Kejaksaan Negeri (Kejari) Kota Semarang resmi menahan tiga tersangka dalam kasus dugaan pemerasan terhadap mahasiswa Program Pendidikan Dokter Spesialis (PPDS) Anestesiologi Fakultas Kedokteran Universitas Diponegoro (Undip). Penahanan dilakukan setelah berkas perkara dilimpahkan oleh penyidik Direktorat Reserse Kriminal Umum (Ditreskrimum) Polda Jawa Tengah, Kamis (15/5/2025).
Tiga Tersangka Pemerasan Mahasiswa PPDS Anestesi Undip Resmi Ditahan

Ketiga tersangka tersebut adalah Taufik Eko Nugroho, Kaprodi PPDS Anestesiologi, Sri Maryani, staf administrasi, serta Zara Yupita Azra, senior dari korban, Aulia Risma, dokter PPDS yang meninggal dunia dalam kasus yang menyedot perhatian publik ini.
Sekitar pukul 13.00 WIB, ketiganya keluar dari kantor Kejari Kota Semarang dengan mengenakan rompi tahanan berwarna oranye dan dikawal ketat oleh petugas menuju mobil tahanan.
Kepala Kejari Kota Semarang, Candra Saptaji, menyatakan bahwa para tersangka akan ditahan selama 20 hari ke depan untuk kepentingan proses hukum lebih lanjut.
“Untuk dua tersangka akan ditahan di Lapas Perempuan Kelas 2A Semarang, dan satu tersangka lainnya ditahan di Rutan Semarang,” ujar Candra kepada awak media.
Ia menjelaskan bahwa keputusan penahanan didasarkan pada alasan objektif dan subjektif. Secara objektif, para tersangka dijerat pasal-pasal dengan ancaman pidana di atas lima tahun penjara. Sementara alasan subjektif mengacu pada kekhawatiran para tersangka akan melarikan diri, merusak barang bukti, atau mengulangi perbuatannya.

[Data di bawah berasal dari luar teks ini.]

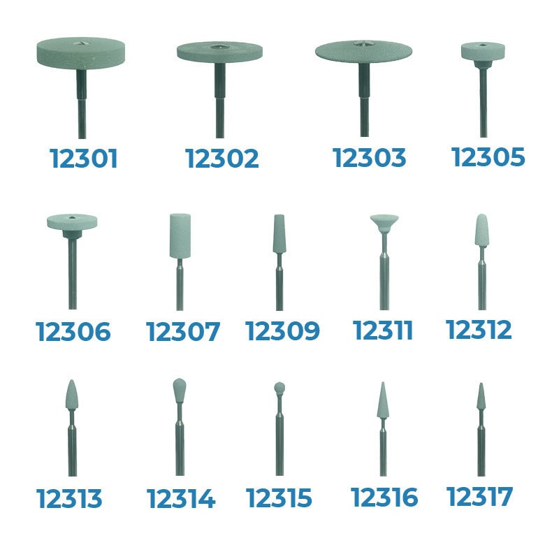 Utilizados para realizar un pequeño y rápido desgaste y al mismo tiempo pule el zirconio, cerámicas de aluminio y disilicato de litio.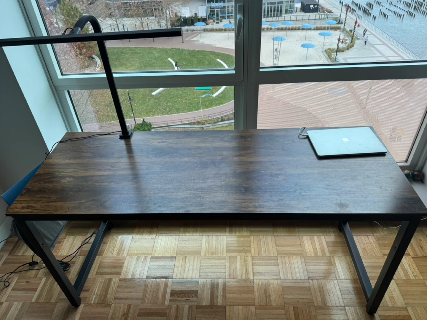 70” long (over 6 feet!) study desk with a ton of surface area to hold multiple laptops and monitors (I used 4 at a time)! Side pocket can hold a lot of dossiers and there’s a hook on the side (a little dented) to hang your bag.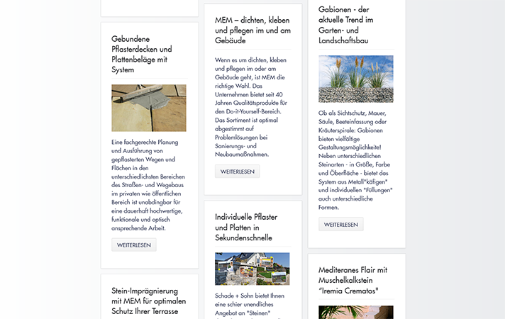 Im zweiten Step soll ein spezieller Profi-Partner-Bereich geschaffen werden, der unseren Geschäftskunden ebenso wie interessierten Privatleuten zusätzliche Informationen rund um die Gewerke des Bauens geben soll. Wir würden uns über Ihre Anregungen hierzu freuen.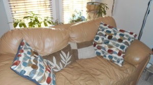 You could use a color like yellow, cantaloupe, or soft green on the walls. You can only paint one wall, if you wish. Also, get some pillows with those colors in them.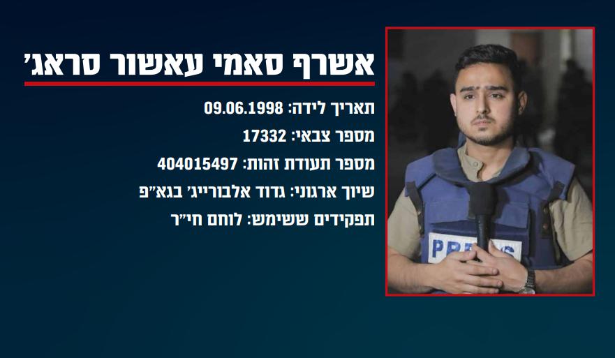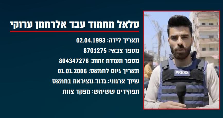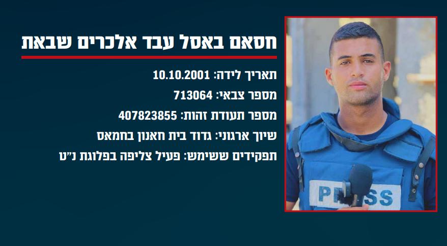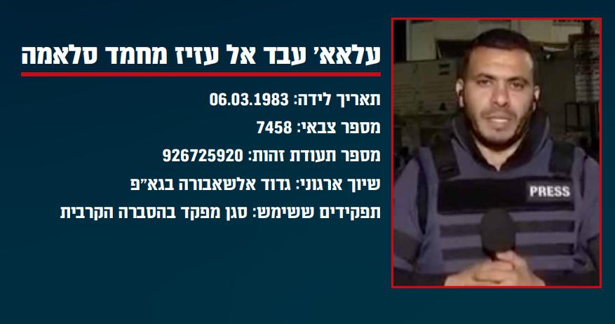 צה"ל חושף מידע מודיעני ומסמכים רבים שנמצאו ברצועת עזה המאשרים את השתייכותם הצבאית לארגוני הטרור חמאס וגא״פ של שישה עיתונאי רשת אלג'זירה בעזה – אנס אלשריף, עלאא' סלאמה, חסאם שבאת, אשרף אלסראג', איסמאעיל אבו עמר וטלאל אלערוקי.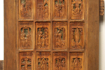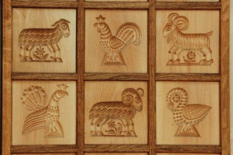Если посуда требовала объемной пластики, то на предметах, форма которых обладала большими гладкими плоскостями, применяли способы плоской выемчатой резьбы. В виде скромных порезок или развитых орнаментальных композиций она украшала поверхности вальков для стирки белья, рубелей-катков для глажения холста, трепал для очистки льна, пряничных досок и прялок.

Para tersangka dijerat dengan sejumlah pasal, yakni Pasal 368 ayat (1) KUHP tentang pemerasan, Pasal 378 KUHP tentang penipuan, serta Pasal 335 ayat (1) KUHP tentang perbuatan melawan hukum yang memaksa orang lain untuk melakukan atau tidak melakukan sesuatu.
“Ancaman pidana penjara maksimal dalam kasus ini adalah 9 tahun,” tegas Candra.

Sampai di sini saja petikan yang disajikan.